Vintner Grill

In Las Vegas, with its acute shortage of oceanfront, forest glade and quaint historic courtyards, we tend to take our outdoor dining experiences where we can get them -- even if that means a view of a parking lot or busy thoroughfare.

At Vintner Grill, it means both parking lot and busy thoroughfare. But the restaurant has managed to take a sort of side yard in a suburban office park and turn it, with a terrace, gas fire pits, umbrella tables, a tentlike structure and lots and lots of candles, into an environment so transporting that both the parking lot and the busy thoroughfare fade into the darkness and all that's left is a whispery breeze and twinkling lights.

Actually, we hadn't planned to dine outdoors at Vintner Grill, but the hostess who handled our seating took the initiative to ask if we preferred indoors or out, and we decided to get while the gettin's good. And with all that balminess, seafood seemed to be in order.

Stone crab, for starters. The season ended May 14, but that wasn't what gave us pause, since stone crab freezes extremely well. What gave us pause was that although our waiter pointed out that the menus are printed daily to reflect a selection of the best the market is offering -- and although it did bear the date -- the stone crab was listed at "market price," which meant we had to ask. It was $22, our waiter said, hastening to add that it was quite large, and that seemed reasonable enough to us. We were served just one claw -- one fresh, sweet claw -- but it was indeed huge, and as stone crab is extremely meaty the serving was quite sufficient. Mustard and cocktail sauces are served on the side, but I asked for drawn butter, which to me seems to complement this prized crustacean best. What I got was actually browned butter, but that turned out to be even better. Who knew?

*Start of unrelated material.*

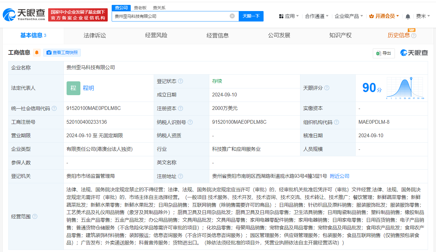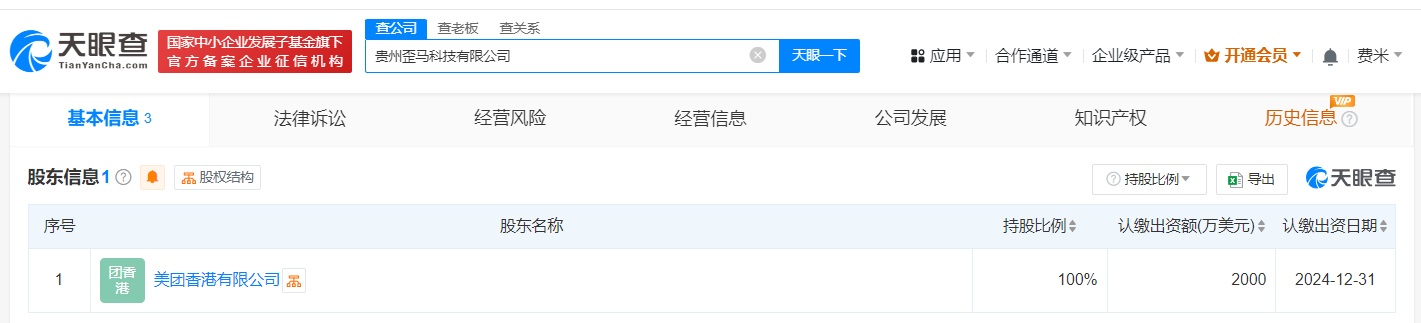 天眼查App显示,近日,贵州歪马科技有限公司成立,法定代表人为程明,注册资本2000万美元,经营范围含餐饮管理、新鲜蔬菜零售、日用杂品销售、互联网销售、供应链管理服务等。股东信息显示,该公司由美团香港有限公司全资持股。

Vintner Grill's kitchen seems to have a talent for seafood, which also showed in our seared scallops ($27). They were indeed well seared, but it had been done so deftly that the interiors were still on the rare side and therefore moist and sweet, instead of all dried out and tough. A loose risotto with corn in nearly equal measure, plus a few chunks of tomato, rounded things out.

A prime grilled rib-eye ($34) lived up to its billing, although the promised "coriander-curry chips" turned out to be a big pile of skinny french fries, on which the steak was served and which was way too light on both coriander and curry.

A profiterole dessert ($9) actually surpassed expectations, however. Billed as profiterole with a trio of gelato, it turned out to be three nicely executed puffs, filled with deeply flavored dark chocolate, cappuccino and hazelnut gelatos. Great contrasts of texture and flavor.

We couldn't bypass Vintner Grill's signature Caesar salad ($9), which is whole leaves of romaine and radicchio with a couple of breadsticks, wrapped in prosciutto and punctuated with a hard-cooked quail egg. It turned out to be as appealing to the palate as it was to the eye, with a well-balanced dressing that managed to impress without overwhelming.

Oh, and one other signature touch: The bread -- a pretzel roll and two olive-flecked ciabatta rolls were in our basket -- is served with a creative combo that involves butter that has been packed into a dish and chilled, with two wells later scooped out. One is filled with a sort of oily tapenade, one with an herbed olive mix. And it's all just great with the bread.

Service throughout was a little strained, but not because our server wasn't trying. The poor man had so many tables that he needed roller skates, but he remained in good humor and periodically thanked us all for our patience. That the evening was so pleasant helped in that regard, because we didn't mind lingering.

Patience is what you may need if the service situation remains the same. But if you're interested in dining in that paradise between parking lot and busy thoroughfare, better do it soon, before Mama Nature turns our heavenly evenings into a vision of hell.